On Mon, 2013-07-29 at 15:02 -0600, Bjorn Helgaas wrote:
> On Mon, Jul 29, 2013 at 10:06 AM, Alex Williamson
> <alex.williamson@xxxxxxxxxx> wrote:
> > On Fri, 2013-07-26 at 15:54 -0600, Bjorn Helgaas wrote:
> >> On Thu, Jul 25, 2013 at 11:56:56AM -0600, Alex Williamson wrote:
>
> >> The "most closely associated device" idea seems confusing to
> >> describe and think about. I think you want to use it as part of
> >> grouping devices into domains. But I think we should attack that
> >> problem separately. For grouping or isolation questions, we have
> >> to pay attention to things like ACS, which are not relevant for
> >> mapping.
> >
> > We are only touch isolation insofar as providing an interface for a
> > driver to determine the point in the PCI topology where the requester ID
> > is rooted.

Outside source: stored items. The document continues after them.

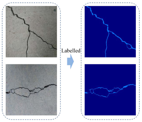 As a deep learning model, the DeepLab_v3+ needs network training prior to the designative detection task. In this study, 1200 crack images (1024 × 1024 pixels) were collected, and the “Image Labeler” toolbox was used to label these cracks (Figure 5). Among these images, 75% of them were used as training images, and the rest were used as testing images to evaluate the effect of crack segmentation.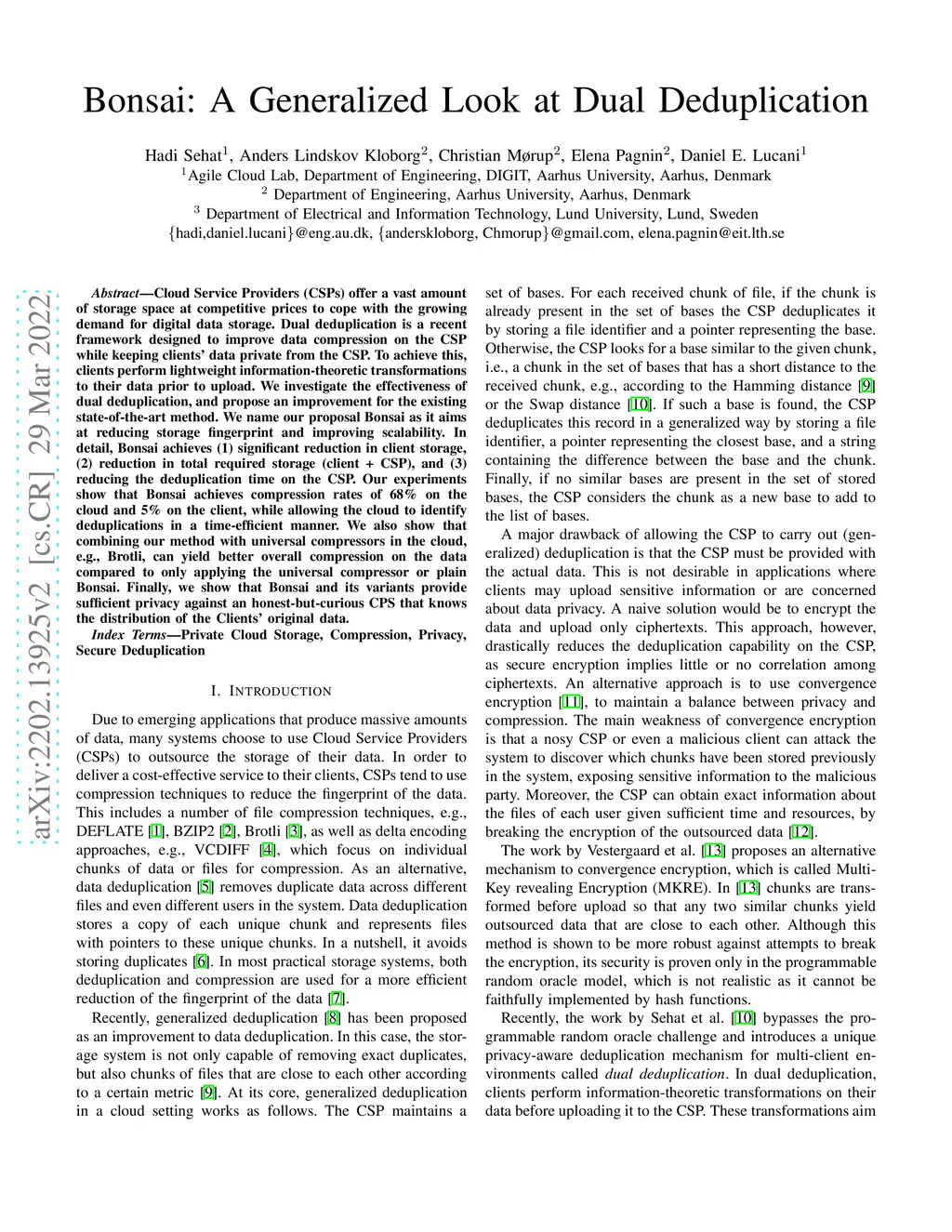 Cloud Service Providers (CSPs) offer a vast amount of storage space at competitive prices to cope with the growing demand for digital data storage. Dual deduplication is a recent framework designed to improve data compression on the CSP while keeping clients' data private from the CSP. To achieve this, clients perform lightweight information-theoretic transformations to their data prior to upload. We investigate the effectiveness of dual deduplication, and propose an improvement for the existing state-of-the-art method. We name our proposal Bonsai as it aims at reducing storage fingerprint and improving scalability. In detail, Bonsai achieves (1) significant reduction in client storage, (2) reduction in total required storage (client + CSP), and (3) reducing the deduplication time on the CSP. Our experiments show that Bonsai achieves compression rates of 68\% on the cloud and 5\% on the client, while allowing the cloud to identify deduplications in a time-efficient manner. We also show that combining our method with universal compressors in the cloud, e.g., Brotli, can yield better overall compression on the data compared to only applying the universal compressor or plain Bonsai. Finally, we show that Bonsai and its variants provide sufficient privacy against an honest-but-curious CPS that knows the distribution of the Clients' original data.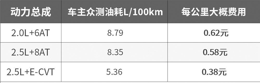 总体来说凯美瑞的油耗表现不错,而它只需要喝92号的汽油就可以了。另外高热效2.5L发动机的动力驱动较大的车身动力比较充足而且配合8AT变速箱,油耗表现也不错。混合动力车型则带来了超低的燃油成本表现。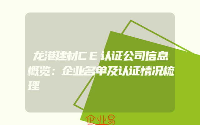 - 龙港建材CE认证公司信息概览:企业名单及认证情况梳理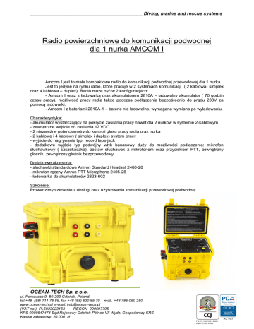 ___________________________________________ Diving, marine and rescue systems Radio powierzchniowe do komunikacji podwodnej dla 1 nurka AMCOM I Amcom I jest to małe kompaktowe radio do komunikacji podwodnej przewodowej dla 1 nurka. Jest to jedyne na rynku radio, które pracuje w 2 systemach komunikacji ( 2 kablowa- simplex oraz 4 kablowa – duplex). Radio może być w 2 konfiguracjach: - Amcom I wraz z ładowarką oraz akumulatorem 2810A – ładowalny akumulator ( 70 godzin czasu pracy), możliwość pracy radia także podczas podłączenia bezpośrednio do prądu 230V za pomocą ładowarki. - Amcom I z bateriami 2810A-1 – baterie nie ładowalne, wymagana wymiana po wyładowaniu. Charakterystyka: - akumulator wystarczający na pokrycie zasilania pracy nawet dla 2 nurków w systemie 2-kablowym - zewnętrzne wejście do zasilania 12 VDC - 2 niezależne potencjometry do kontroli głosu pracy radia oraz nurka - 2 kablowe i 4 kablowy ( simplex i duplex) system pracy - wyjście do nagrywania typ: record tape jack - dodatkowe wyjście typ podwójny wtyk bananowy duży do możliwości podłączenia: mikrofon słuchawkowy ( szczekaczka), zestaw słuchawek z mikrofonem oraz przyciskiem PTT, zewnętrzny głośnik, zewnętrzny głośnik bezprzewodowy. Dodatkowe akcesoria: - słuchawki standardowe Amron Standard Headset 2460-28 - mikrofon ręczny Amron PTT Microphone 2405-28 - ładowarka do akumulatorów 2823-602 Szkolenie: Prowadzimy szkolenie z obsługi oraz użytkowania komunikacji przewodowej podwodnej . OCEAN-TECH Sp. z o.o. ul. Perseusza 9, 80-299 Gdańsk, Poland. tel.+48 (58) 711 76 85, fax +48 (58) 620 85 70 mob. +48 785 050 250 www.ocean-tech.pl e-mail: [email protected] (VAT no.) PL5833023163 REGON 220597795 KRS 0000547474 Sąd Rejonowy Gdańsk-Północ VII Wydz. Gospodarczy KRS Kapitał zakładowy: 20.000 zł ___________________________________________ Diving, marine and rescue systems SPECYFIKACJA Moc głośnika 20 Watt na kanał Częstotliwość pracy 650Hz -2,2 KHz Wymiary 17,1 cm x 21,9 cm x 15,9 cm Waga 2810A – 3,18 kg 2810A-1 – 5 kg Zasilanie 110/220V 50/60Hz lub bateria 12 VDC AMCOM I z ładowarką akumulatorem AMCOM I z bateriami i Kod: OT-2810A-1 Kod: OT-2810A Słuchawki z mikrofonem PTT Mikrofon ręczny z PTT Kod: OT-2460-28 Kod: OT-2405-28 Ładowarka do AMCOM I Akumulator do AMCOM I Kod: OT- 2823-602 Kod: OT- 2890-05 OCEAN-TECH Sp. z o.o. ul. Perseusza 9, 80-299 Gdańsk, Poland. tel.+48 (58) 711 76 85, fax +48 (58) 620 85 70 mob. +48 785 050 250 www.ocean-tech.pl e-mail: [email protected] (VAT no.) PL5833023163 REGON 220597795 KRS 0000547474 Sąd Rejonowy Gdańsk-Północ VII Wydz. Gospodarczy KRS Kapitał zakładowy: 20.000 zł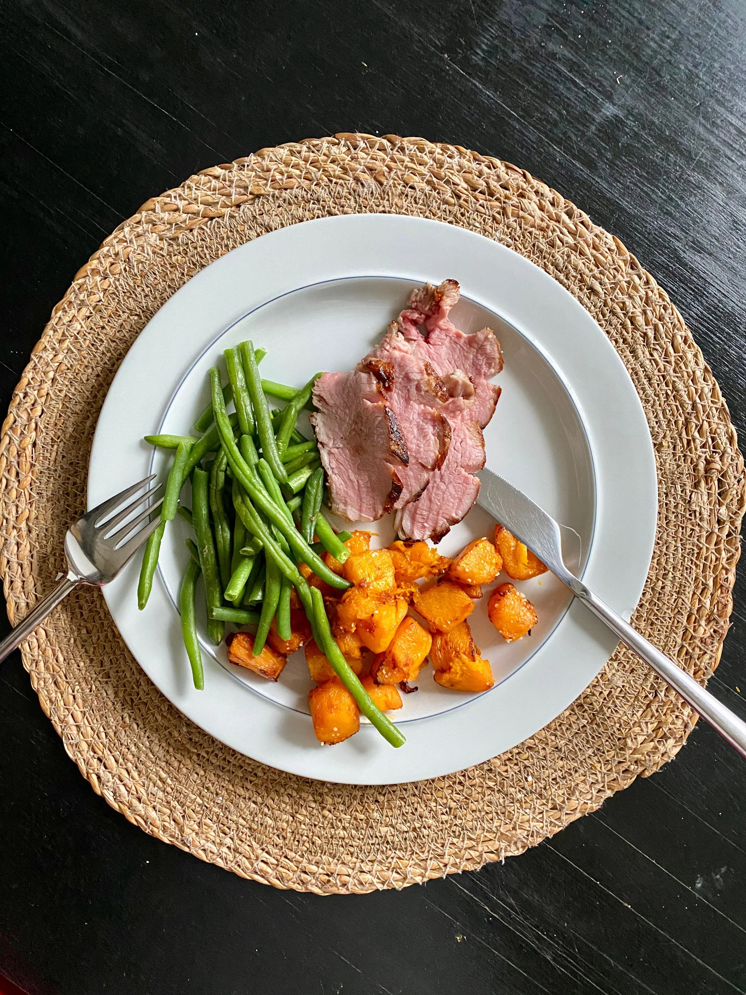 Culottesteg med grønne bønner og stegt græskar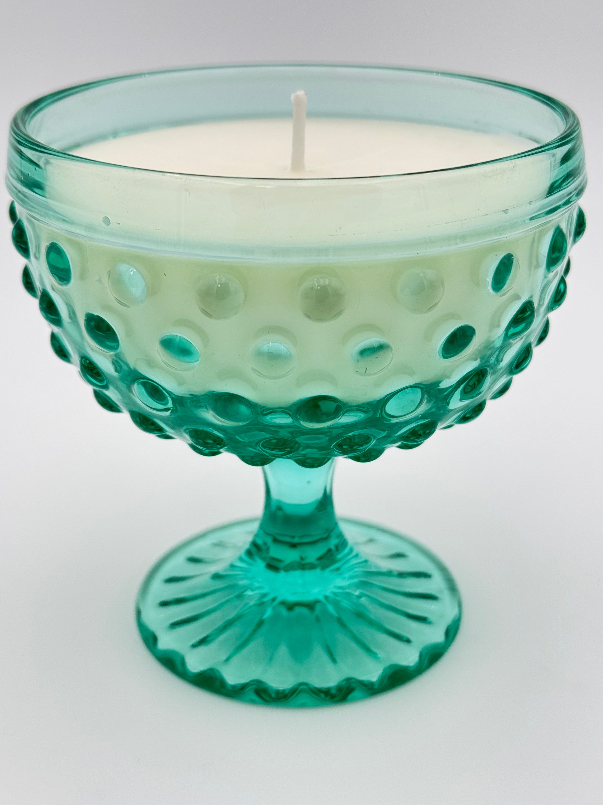 Aqua/teal hobnail bubble pedestal bowl – mid-century style compote with large raised “bubble” pattern. Wax-filled.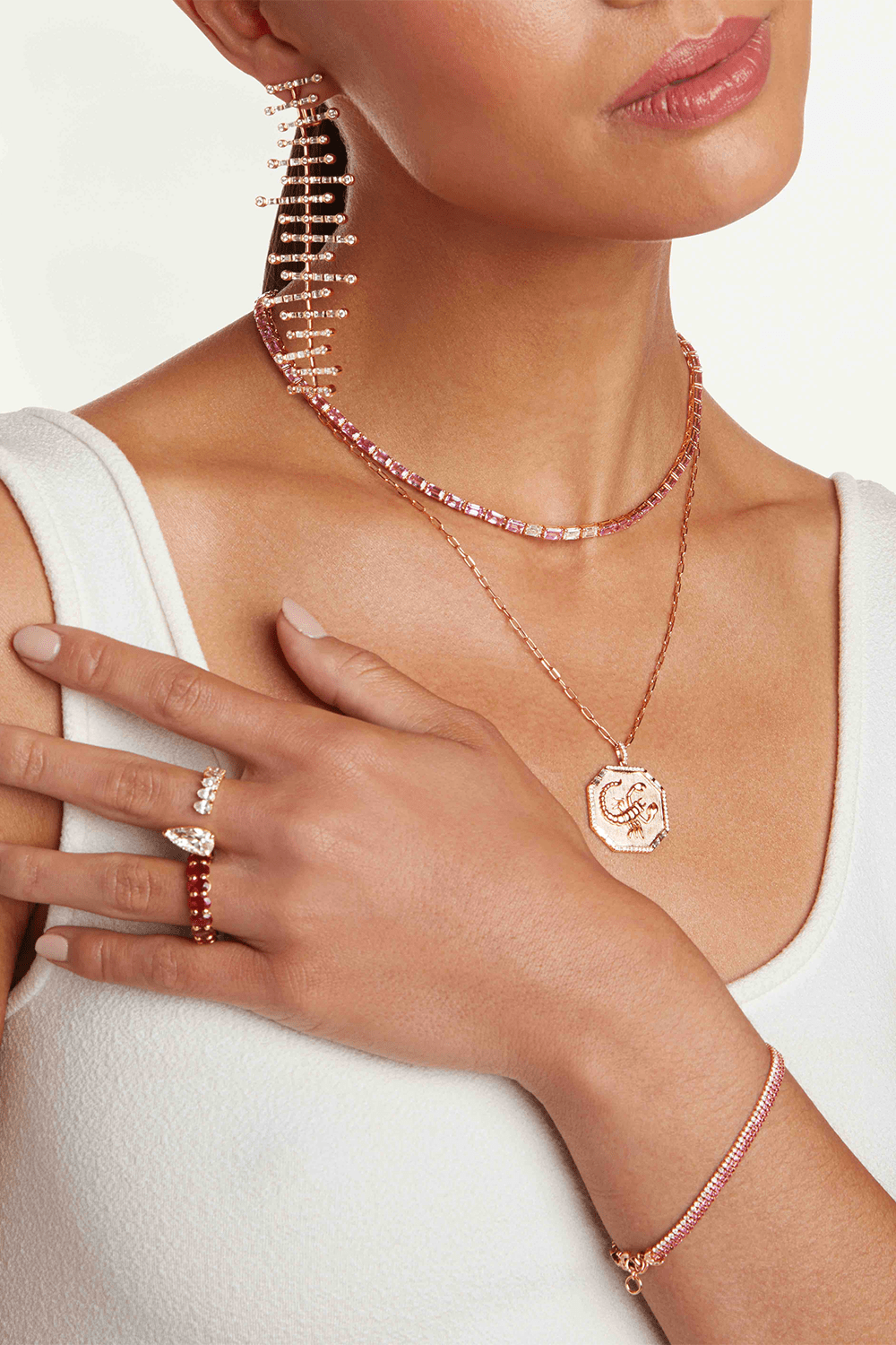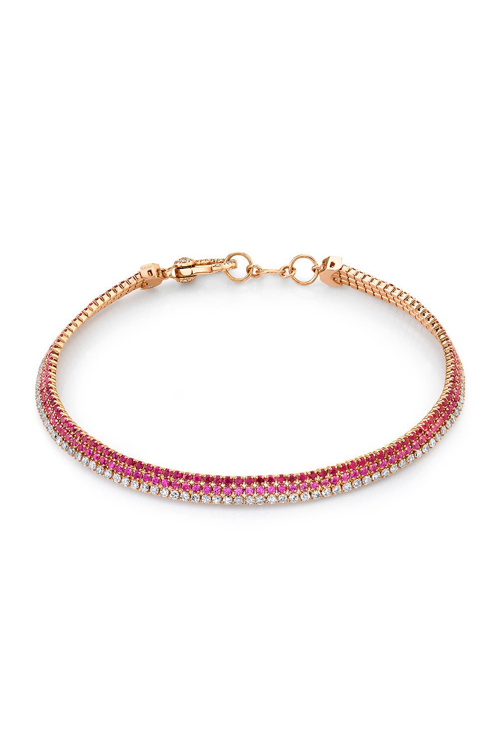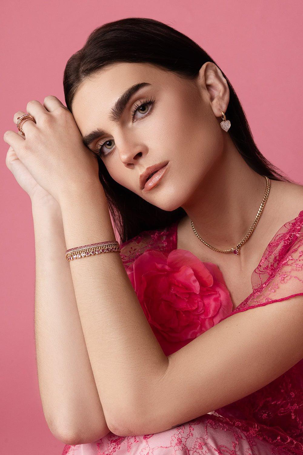 Shay trriple stacked threads bracelet in rose gold.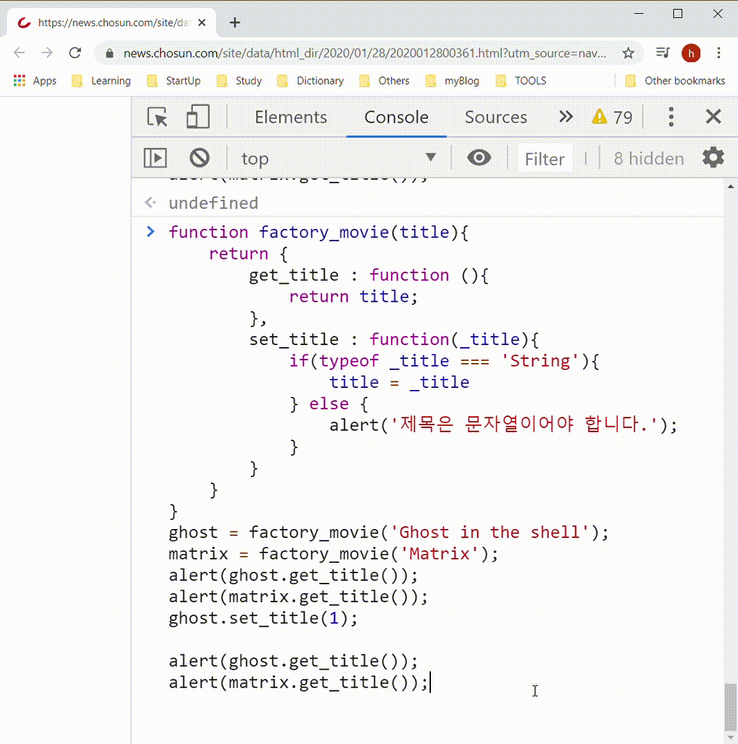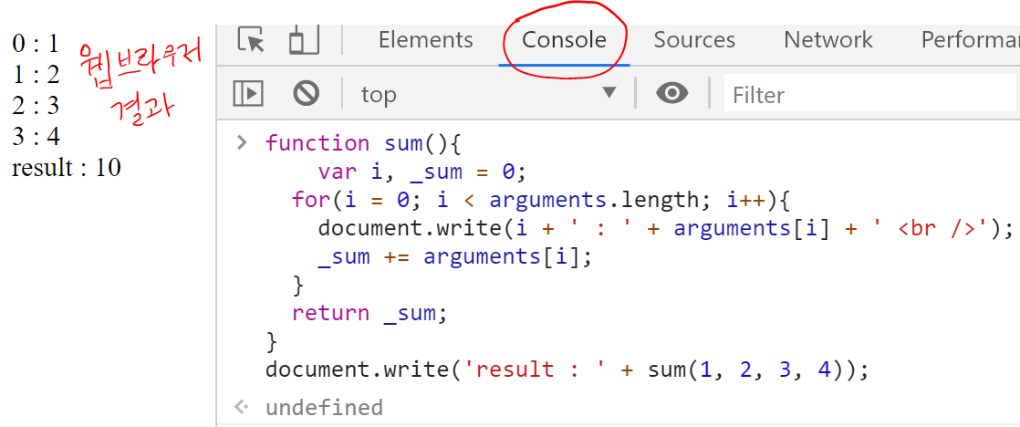 크롬/F12/Console 콘솔창에서 javascript를 직접 실행시킬 수 있다. HTML코드가 전혀 필요없고 순수하게 javascript코드만 작성하면 된다. 명령어를 입력하고 <Enter> 하면 바로 결과를 볼 수 있음. 긴 코드는 파일로 작성하여 작업하는 것이 더 편리하다.

Yes, grouping can make use of that, but I object to the idea
> > that we're approaching some slippery slope of rolling multiple concepts
> > into this patch. What I'm proposing here is strictly a requester ID
> > interface. I believe that providing a way for a caller to determine
> > that two devices have a requester ID rooted at the same point in the PCI
> > topology is directly relevant to that interface.
> >
> > pci_find_upstream_pcie_bridge() attempts to do this same thing.
> > Unfortunately, the interface is convoluted, it doesn't handle quirks,
> > and it requires a great deal of work by the caller to then walk the
> > topology and create requester IDs at each step. This also indicates
> > that at each step, the requester ID is associated with some pci_dev.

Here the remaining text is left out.